Content

1 Production Optimization

The design of optimal production procedures is a factory planner's most important and central duty. Since there's nothing as practical as a good theory, the targeted increase of a production's effectiveness must be based on a sound and sophisticated method. In order to achieve sustainable improvement, all previous habitual production procedures must be systematically challenged and developed in a suitably target-oriented manner. The book at hand aims to conclusively illustrate the respective outstanding effectiveness of the value stream method.

1.1 The Organization of Production

The organization of industrial production happens in factories, designed to include five dimensions: location, structure of the factory site, factory building including factory structure and layout, production logistics and work organization. A factory is a complex sociotechnical system and thus a technomorphically designed and lived-in living space for living people. A factory, seen as a space for living, could be referred to as a technotope - in line with the term 'biotope'. The human existence takes place - and particularly so in a factory - in a technical environment.

A factory's production procedure with all its correlations is best holistically observed from the value stream perspective - with a focus on value creation. The effectual logic of a lean factory is entrenched in a Sysiphusian struggle of constant production improvement. Continuous improvement is the force that pulls the rotating wheel of the value stream upwards on the steep slope of production quality with the aid of an appropriate work organization. Waste of any kind is an obstacle which must be overcome through increased effort in the realization of improvement measures.
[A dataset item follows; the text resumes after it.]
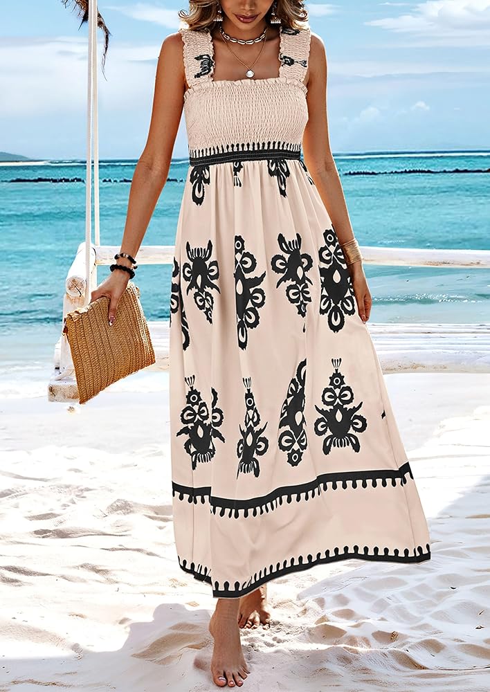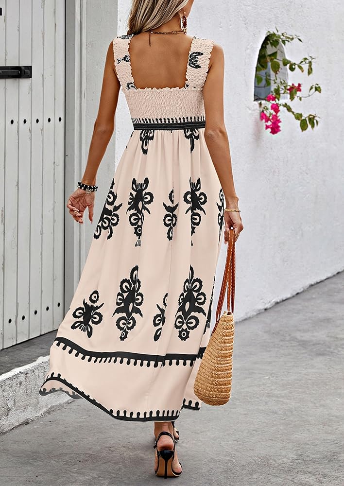 DESIGN FEATURES: Sleeveless Maxi Dress for Women/Floral Dress for Women/Flowy Dresses for Women/Boho Dress for Women/Womens Summer Dresses/Tiered Square Neck Dress for Women/A Line Dresses for Women/Beach Dresses for Women/Smocked Dress Women

Once implemented, improvements are secured through standardization, because positive production procedures are characterized by repetitive execution of procedures in an identical manner.
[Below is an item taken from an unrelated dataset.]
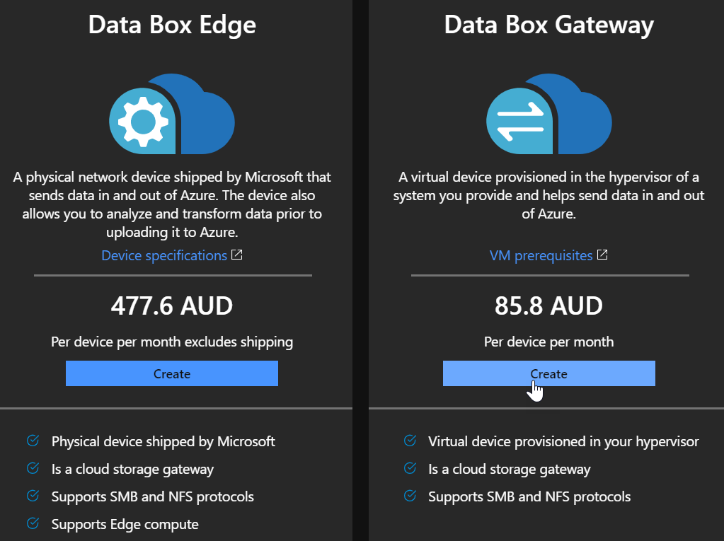 Then select Create for the Data Box Gateway

1.2 The Four Goals of Production

The primary objectives of production are known as the 'holy trinity' of cost, quality, and time - though this sequence may vary according to 'felt' importance. As goals, these three points are not precisely formulated - desired are low production costs, high product qualities, and short lead times in production and order processing. Recently, though rarely, the product variety on offer has sometimes been included in these production goals. Gone are the times of mass production, characterized by Henry Ford's statement, "You can have any colour you want, as long as it is black."

Production optimization aims at the constant improvement of production efficiency with respect to four conflicting goal dimensions. These four dimensions - variability, quality, speed and cost-effectiveness - are reflected in the market as the success factors of the respective products. The essential strategic parameters of a production are comprehensively defined with the aid of the market goals of availability, delivery capability, delivery reliability, delivery time and price.